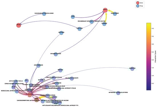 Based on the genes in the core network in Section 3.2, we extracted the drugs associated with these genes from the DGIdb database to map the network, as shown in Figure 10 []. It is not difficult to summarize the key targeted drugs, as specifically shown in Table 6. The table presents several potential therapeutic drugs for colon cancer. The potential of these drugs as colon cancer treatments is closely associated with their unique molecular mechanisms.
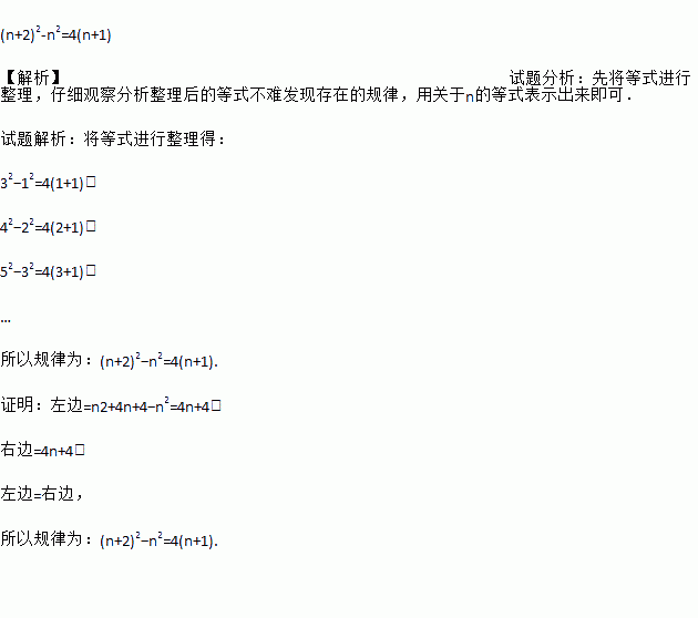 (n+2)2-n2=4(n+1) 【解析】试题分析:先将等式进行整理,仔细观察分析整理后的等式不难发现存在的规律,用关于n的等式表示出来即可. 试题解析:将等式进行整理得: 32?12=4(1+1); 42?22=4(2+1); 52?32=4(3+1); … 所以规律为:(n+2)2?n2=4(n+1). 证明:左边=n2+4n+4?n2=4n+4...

* * *

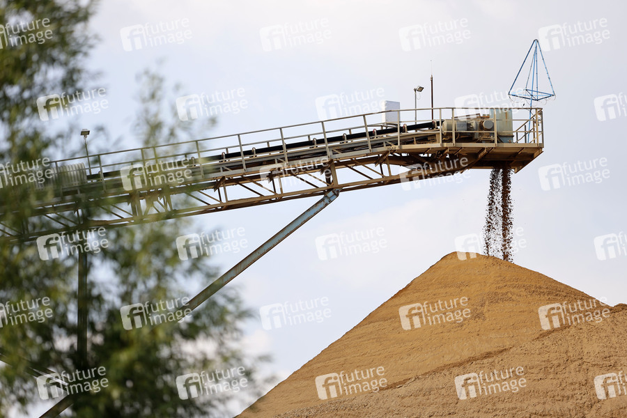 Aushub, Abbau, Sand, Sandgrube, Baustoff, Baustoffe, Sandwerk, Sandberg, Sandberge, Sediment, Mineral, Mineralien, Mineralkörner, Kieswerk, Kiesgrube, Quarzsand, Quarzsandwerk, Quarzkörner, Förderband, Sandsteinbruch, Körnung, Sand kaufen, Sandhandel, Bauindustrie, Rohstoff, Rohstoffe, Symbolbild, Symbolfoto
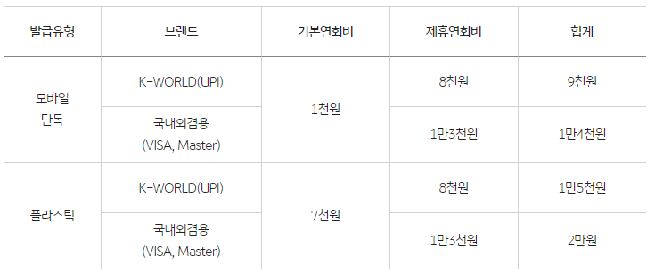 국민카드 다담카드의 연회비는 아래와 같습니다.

...

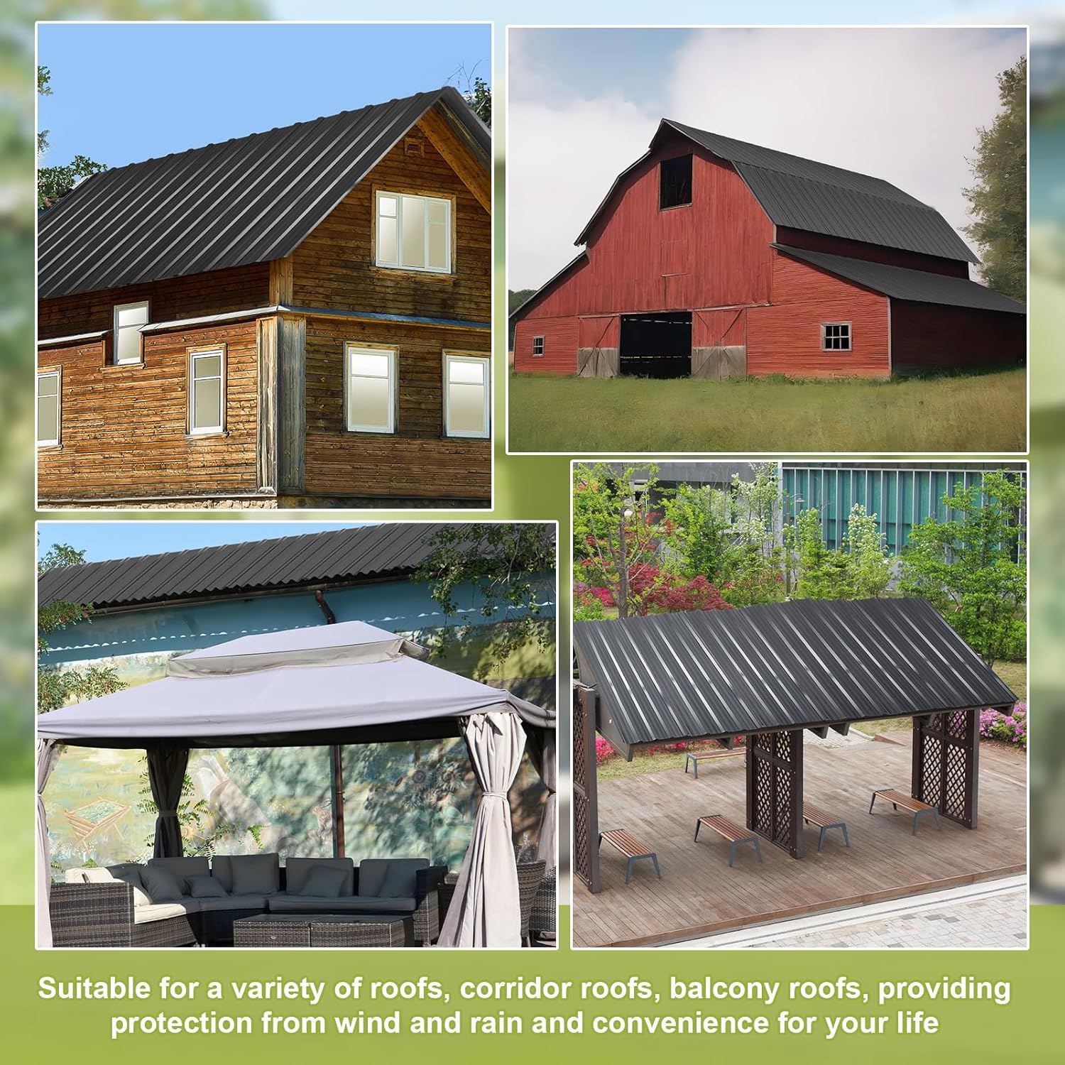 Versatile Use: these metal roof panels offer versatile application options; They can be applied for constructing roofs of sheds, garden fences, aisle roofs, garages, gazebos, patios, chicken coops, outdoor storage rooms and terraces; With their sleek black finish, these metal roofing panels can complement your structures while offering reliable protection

What needs to be done
Because only one stretch of the records is wanted, please output the lines from the one holding "Based on the" through the one holding "52?32=4(3+1); … 所以规律为:(n+2)2?n2=4(n+1). 证明:左边=n2+4n+4?n2=4n+4..." exactly, both included, and leave every picture out.

Response for this exercise
 Based on the genes in the core network in Section 3.2, we extracted the drugs associated with these genes from the DGIdb database to map the network, as shown in Figure 10 []. It is not difficult to summarize the key targeted drugs, as specifically shown in Table 6. The table presents several potential therapeutic drugs for colon cancer. The potential of these drugs as colon cancer treatments is closely associated with their unique molecular mechanisms.
 (n+2)2-n2=4(n+1) 【解析】试题分析:先将等式进行整理,仔细观察分析整理后的等式不难发现存在的规律,用关于n的等式表示出来即可. 试题解析:将等式进行整理得: 32?12=4(1+1); 42?22=4(2+1); 52?32=4(3+1); … 所以规律为:(n+2)2?n2=4(n+1). 证明:左边=n2+4n+4?n2=4n+4...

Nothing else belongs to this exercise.